##### Records to process

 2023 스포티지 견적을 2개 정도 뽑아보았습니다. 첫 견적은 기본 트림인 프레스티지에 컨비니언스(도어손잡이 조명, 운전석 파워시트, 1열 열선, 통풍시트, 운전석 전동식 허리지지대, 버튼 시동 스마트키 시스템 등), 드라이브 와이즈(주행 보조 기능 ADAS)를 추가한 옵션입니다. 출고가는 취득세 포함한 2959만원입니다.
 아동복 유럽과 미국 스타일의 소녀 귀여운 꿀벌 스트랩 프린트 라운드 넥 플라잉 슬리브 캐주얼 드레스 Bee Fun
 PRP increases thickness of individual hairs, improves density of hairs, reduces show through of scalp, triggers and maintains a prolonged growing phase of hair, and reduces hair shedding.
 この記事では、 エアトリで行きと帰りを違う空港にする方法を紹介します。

##########
##### Records to process

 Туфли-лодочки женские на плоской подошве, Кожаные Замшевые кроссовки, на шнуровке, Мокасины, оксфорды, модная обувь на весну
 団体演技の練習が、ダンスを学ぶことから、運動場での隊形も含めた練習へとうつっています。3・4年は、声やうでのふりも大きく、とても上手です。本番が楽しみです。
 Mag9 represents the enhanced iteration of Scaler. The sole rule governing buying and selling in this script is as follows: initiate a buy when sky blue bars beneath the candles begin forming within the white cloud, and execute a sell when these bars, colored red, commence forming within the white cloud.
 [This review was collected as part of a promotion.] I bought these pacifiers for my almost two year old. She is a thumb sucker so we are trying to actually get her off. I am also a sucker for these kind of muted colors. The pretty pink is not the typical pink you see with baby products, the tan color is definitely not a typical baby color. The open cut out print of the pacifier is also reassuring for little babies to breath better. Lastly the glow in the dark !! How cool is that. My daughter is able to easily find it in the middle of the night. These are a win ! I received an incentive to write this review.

##########

From the material above, set down exactly the lines starting at the one with "Туфли-лодочки женские на" and ending at the one with "団体演技の練習が、ダンスを学", end lines included.

* Result:
 Туфли-лодочки женские на плоской подошве, Кожаные Замшевые кроссовки, на шнуровке, Мокасины, оксфорды, модная обувь на весну
 団体演技の練習が、ダンスを学ぶことから、運動場での隊形も含めた練習へとうつっています。3・4年は、声やうでのふりも大きく、とても上手です。本番が楽しみです。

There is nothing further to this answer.